I have now be able to reduce at least a little bit the Time it takes to create an Entity Manager factory in the case of this application.

Currently the above Factory:

Is yielding me something like:
EntityManagerSetupImpl] - Creation of EntityManager Predeploy for PersistenceUnit: SOMEAPP_PU executed in: 1951 ms

Whereas before we were looking at:
Creation of EntityManagerFactory for PersistenceUnit: SOMEAPP_PU executed in: 2625 ms

I did not go after any fancy complicated logic of eclipselink since I have no intention of getting burned.

The following log statements are relevant for this:
####2017-10-26 16:22:10,022 ThreadId:127 INFO [logger: org.eclipse.persistence.internal.jpa.metadata.MetadataProcessor] - Map ArchieveURLs to ArchieveObjects computed in : 93 ms for 16 archives using 5 threads <LogContext:none> <ServerService Thread Pool -- 64>
####2017-10-26 16:22:10,256 ThreadId:127 INFO [logger: org.eclipse.persistence.internal.jpa.EntityManagerSetupImpl] - Load Mapping files executed in 327 ms <LogContext:none> <ServerService Thread Pool -- 64>

We gain something like 400 ms on this loadMapings logic simply be reworking the
public void loadMappingFiles(boolean throwExceptionOnFail) {

In the MetadataProcess.java



LOAD MAPPINGS PROBLEM:
The load mappings method is not as efficient as it can be.
It redoes non cheap operations at least twice and single threaded.
This means we waste time and available cores.

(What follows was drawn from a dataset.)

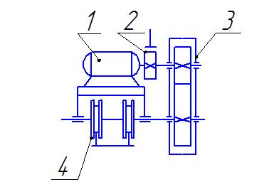 1-электродвигатель; 2-соединительная муфта с тормозом; 3-редуктор; 4-ходовые колеса. Рисунок 1 - Кинематическая схема электроприводов передвижения моста. ЗаключениеВ курсовой работе дано краткое описание смешанной системы электроснабжения, показано расположение основного электрооборудования пассажирского купированного вагона с установкой кондиционирования воздуха, разработана и вычерчена принципиальная схема электроснабжения вагона. Рассчитаны

In the load mappings we have to calls that are not re-using computations done on previous calls.

loadStandardMappingFiles(MetadataHelper.JPA_ORM_FILE)
loadStandardMappingFiles(MetadataHelper.ECLIPSELINK_ORM_FILE)

We have these two calls.
And this is not good because in each of these calls there will be Loop mapping rootUrl -> Archive.
The building of archive using the archive factory does not come for free.
In a debugger session we can see that each time the archive factory is called the debugger stops for a bit.
If the debugger stops for a bit it is obvious the opeation does not come fore free because we feel it already.


So here is what the implementation looks in my sloppy work branch:

SNIPEET 1 - reworking loadMappingFiles
/**
* INTERNAL: This method is responsible for figuring out list of mapping files to read into XMLEntityMappings
* objects and store on the project. Note, the order the files are discovered and read is very important so do not
* change the order of invocation.
*/
public void loadMappingFiles(boolean throwExceptionOnFail) {
// (a) Start by building a map of ArchiveURL -> Archive object
Map<URL, Archive> archieveUrlToArchive = getArchiveUrlToArchive();

<------------------ Does this make sense to you. We compute once and only once in this algorithm the Map of RootURls to The corresponding Archive objects. Not twice per each fo the MATA-INF/ files to hunt for.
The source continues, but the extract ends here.